Activity »
Give again, word for word, the line holding "LuzN0c3d4, solo, 1girl, short" and every line after it through the end of the data below. Omit pictures.
:: Dataset section ::
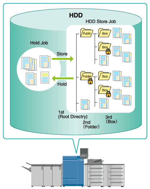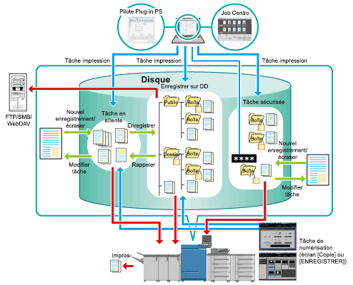 Vous pouvez enregistrer les données numérisées avec la machine (tâche numérisée sur l'écran COPIE et sur l'écran ENREGISTRER ainsi qu'une tâche d'impression d'un ordinateur en tant que tâche en attente ou tâche enregistrée sur disque dur .
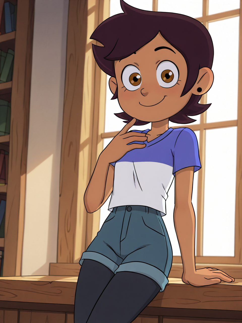LuzN0c3d4, solo, 1girl, short hair, brown hair, dark-skinned female, brown eyes, shirt, black pantyhose, blue shorts, legwear under shorts,
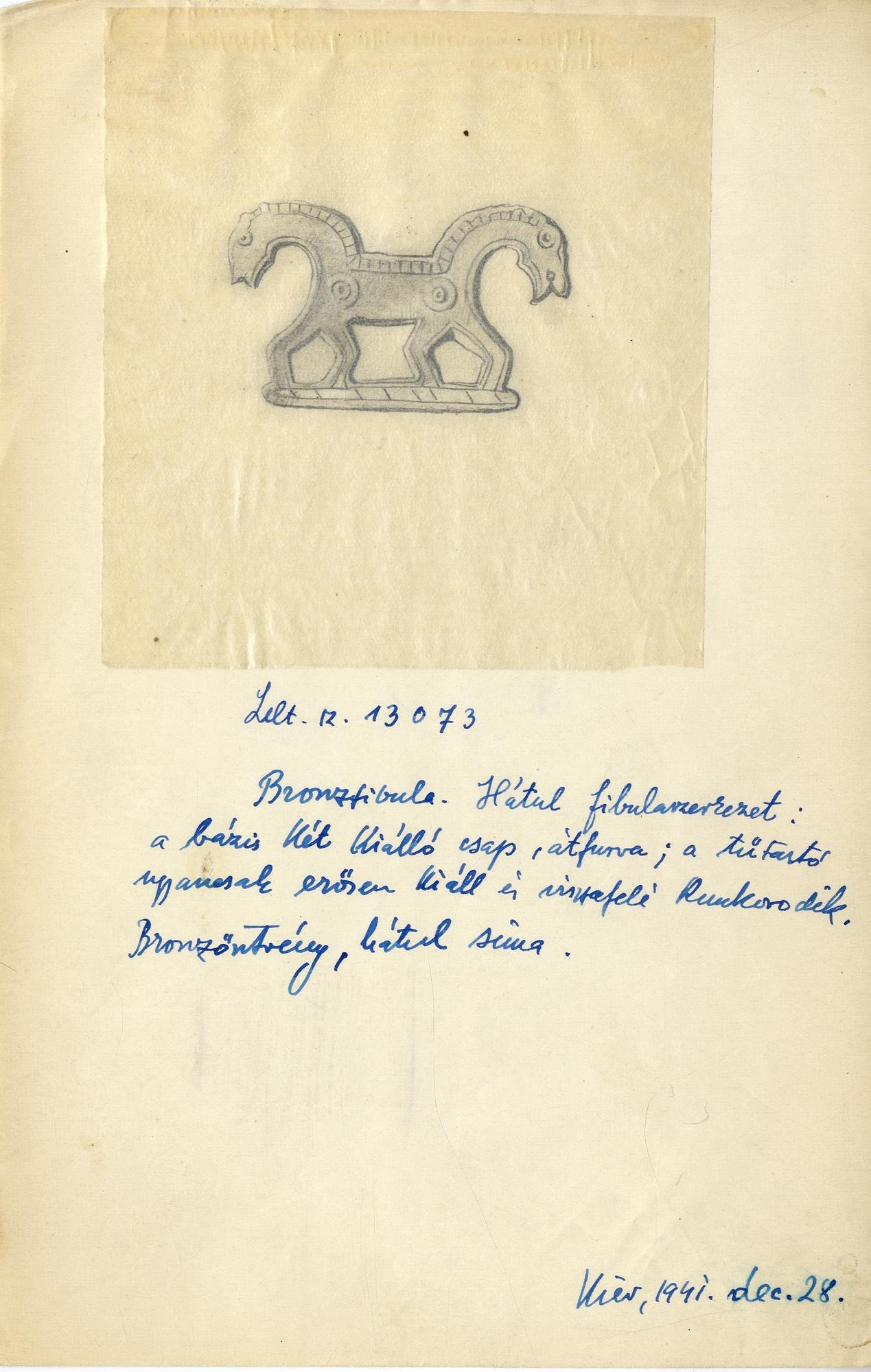 Fettich Nándor „adatlapja” az egyik bronzfibuláról
:::
Result »
LuzN0c3d4, solo, 1girl, short hair, brown hair, dark-skinned female, brown eyes, shirt, black pantyhose, blue shorts, legwear under shorts,
 Fettich Nándor „adatlapja” az egyik bronzfibuláról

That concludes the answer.